Ces dernières années, on a beaucoup entendu parler de droit au logement. C'est une idée généreuse à laquelle j'adhère, mais qui ne doit pas faire oublier que si les locataires ont des droits, les propriétaires en ont aussi qui doivent être pleinement reconnus. Les concilier est de la responsabilité des pouvoirs publics.
Il faut bien entendu protéger les ménages de bonne foi en situation difficile. L'abbé Pierre ne dit pas autre chose. Mais cela n'est pas incompatible avec le droit légitime d'un propriétaire de récupérer son bien.
Jusqu'ici cette contradiction, qui n'est qu'apparente, a été mal gérée. Cela s'est traduit trop souvent par l'inexécution des décisions de justice et le refus de concours de la force publique lorsqu'on ne sait pas comment reloger le ménage expulsé.
Cette manière de faire n'est pas satisfaisante.

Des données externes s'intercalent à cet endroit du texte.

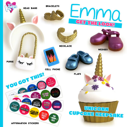 Each Character comes with Accessories, Fun Fashion Play, a Cupcake Keepsake™ (The World's Best Note Passer), and 20 Affirmation messages which are also Stickers!
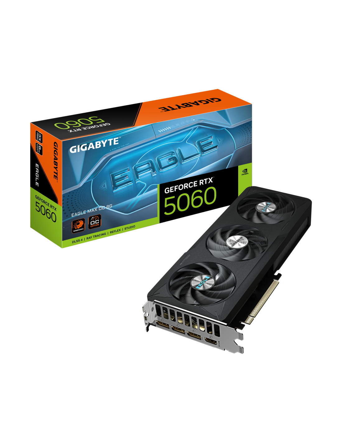 GIGABYTE GeForce RTX 5060 EAGLE MAX OC 8G Tarjeta Gráfica – 8 GB GDDR7, 128 bits, PCI-E 5.0, frecuencia de núcleo 2550 MHz, 3 x DisplayPort, 1 x HDMI, NVIDIA DLSS 4, GV-N5060EAGLEMAX OC-8GD 1.0. Familia de procesadores de gráficos: NVIDIA, Procesador gráfico: GeForce RTX 5060, Frecuencia del procesador: 2550 MHz. Capacidad memoria de adaptador gráfico: 8 GB, Tipo de memoria de adaptador gráfico: GDDR7, Ancho de datos: 128 bit, Velocidad de memoria del reloj: 28000 MHz. Versión DirectX: 12.0, Versión OpenGL:
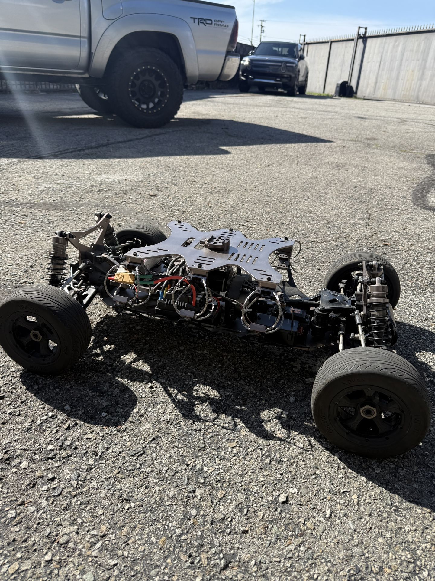 Used maybe once, super clean! ROFUN cinema camera rc car Width: 20” outer tire wall to outer tire wall Length: 31” Connects right away, and runs great. Comes with RC.
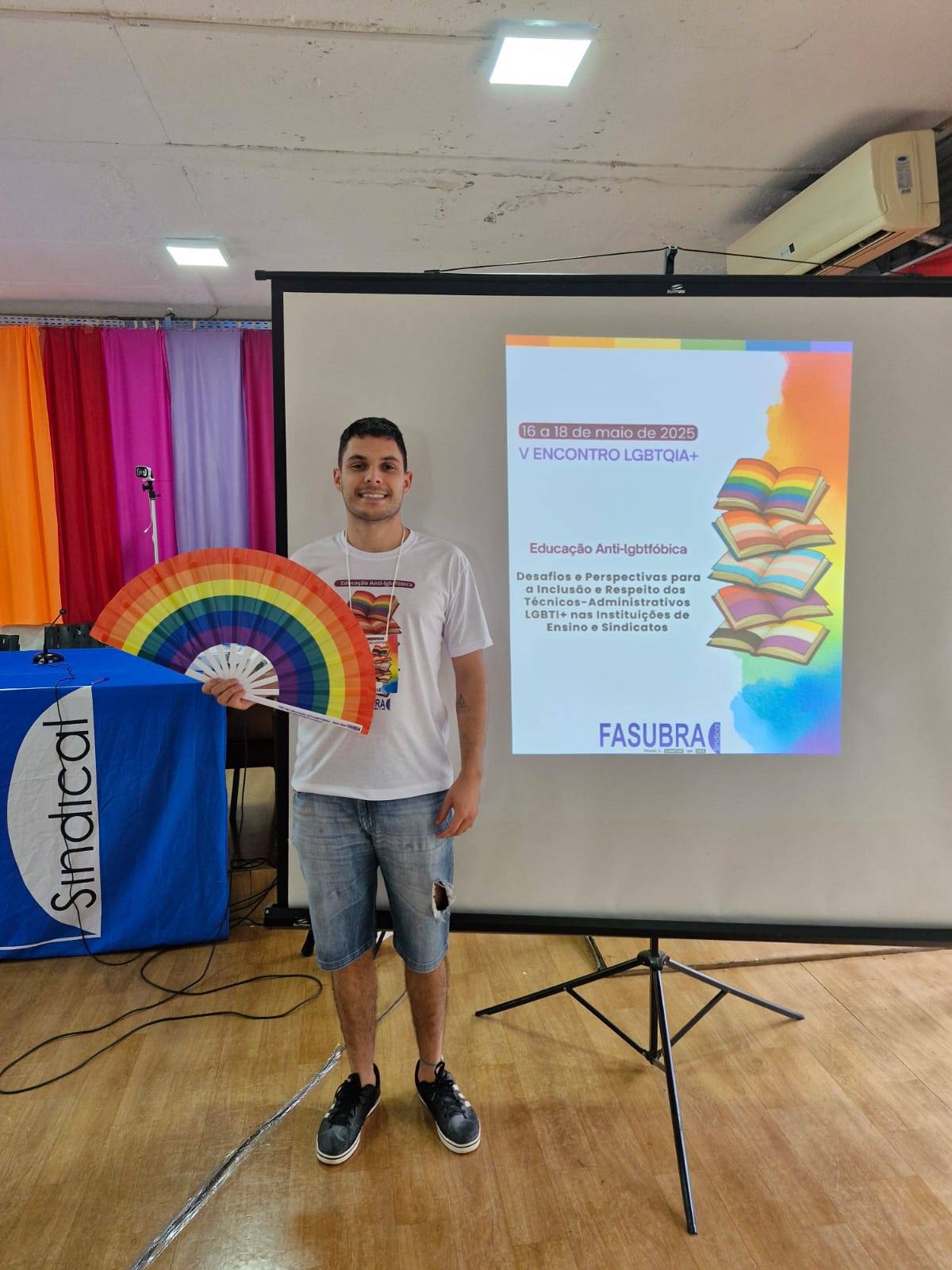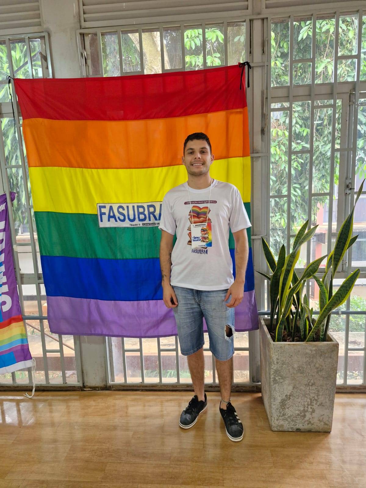 Nos dias 16, 17 e 18 de maio, a FASUBRA realizou seu V Encontro LGBTQIA+, em Brasília. A programação foi extensa no final de semana, com debates sobre saúde e saúde mental, letramento em gênero e diversidade e atividades culturais. Pela Assufsm, o servidor TAE Raphael Flores participou do V Encontro LGBTQIA+ da FASUBRA que teve como tema “Educação Anti-lgbtfóbica: Desafios e perspectivas para a inclusão dos Técnico Administrativos(as) em Educação nas instituições de ensino e sindicatos”. Conforme o TAE, o evento promoveu diversos espaços de diálogo e troca de experiências, foram apontadas as dificuldades enfrentadas não somente pela categoria, mas pelo conjunto de trabalhadores(as), especialmente os LGBTQIA+. Na análise de Rapahel, o preconceito é uma constante dentro e fora dos muros da universidade, e é preciso reivindicar ações afirmativas para pessoas trans no acesso à cursos de graduação e pós-graduação, concursos públicos, iniciativa privada e garantir a permanência e a dignidade. Para o TAE, a ausência de dados oficiais acerca da violência e da representatividade de pessoas LGBTQIA+, a falta de discussão das questões de gênero e sexualidade nas escolas, a insuficiência de políticas públicas voltadas à segurança, saúde e bem-viver preocupam. “Nas IFES, é essencial que sejam pensadas políticas que valorizem e promovam a diversidade, por exemplo através da reserva de vagas para pessoas LGBT em cargos de chefia. A formação e letramento de servidores(as) TAES para um atendimento qualificado e humanizado é essencial, assim como a criação de uma agenda permanente de lutas”, finaliza ele, em seus informes. Nos três dias do encontro, a FASUBRA realizou a divulgação das atividades, bem como algumas fotos que foram realizadas durante o evento. Veja, abaixo, como foram os dias do encontro:
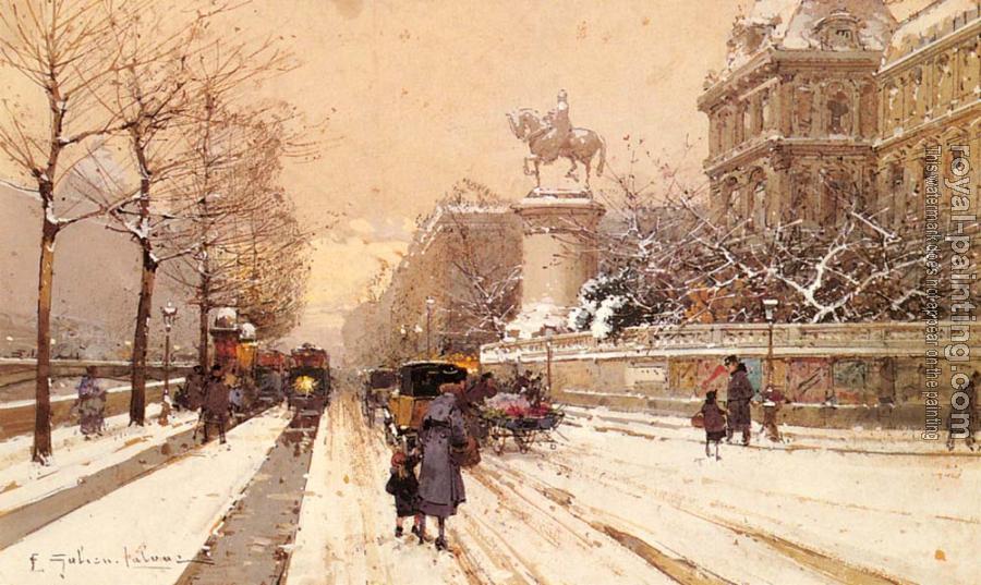 * Hand-painted Eugene Galien-Laloue Oil Painting Reproduction : Paris In Winter

Ma philosophie est claire. Le droit de propriété doit être respecté et c'est à l'État et aux collectivités locales d'assumer ce qui relève de la solidarité, sans s'en défausser sur les bailleurs.
Avec les ministres de l'Intérieur et de la Justice, j'ai donné aux préfets des instructions claires.
Ils devront refuser le squat, car il est la négation même du droit.
Ils auront à mieux mettre en cohérence tous les dispositifs existants à leurs divers stades : prévention, relogement, exécution des jugements.
Ils devront intervenir plus souvent en amont de l'expulsion :
– avant le jugement par des aides au locataire ;
– après le jugement par une réelle mise en œuvre des priorités au relogement dans le parc HLM dont la vocation est d'accueillir les ménages impécunieux et de bonne foi.
De telle sorte que les problèmes seront réglés plus souvent qu'auparavant dans l'intérêt des propriétaires et des familles en difficultés.
5. Une représentation reconnue dans les institutions consultatives
Vous m'avez fait part d'un regret. La propriété privée n'est en pratique pas représentée au sein des comités économiques et sociaux régionaux, là où se rassemblent les forces vives de la nation.
C'est une injustice car vous rendez un immense service à la société. Elle doit vous en témoigner de la considération en vous reconnaissant comme membres à part entière de ces institutions.
J'ai appuyé votre demande auprès de M. Pasqua, pour qu'elle aboutisse favorablement à l'occasion de la refonte prochaine en 95 de la composition de ces comités. Je serai vigilant.
Un contrat d'objectifs
Monsieur le président,
Ce que je vous dis aujourd'hui ne vous aura pas étonné. Vous connaissiez mes convictions. Elles sont profondes et rejoignent les vôtres. Nous avons consacré ces dernières semaines à préparer ensemble ce statut moderne de la propriété locative. Il représente un progrès décisif.
Nous sommes convenus de le coucher noir sur blanc, dans un contrat d'objectifs scellant la communauté d'idées entre l'UNPI et le ministère du Logement.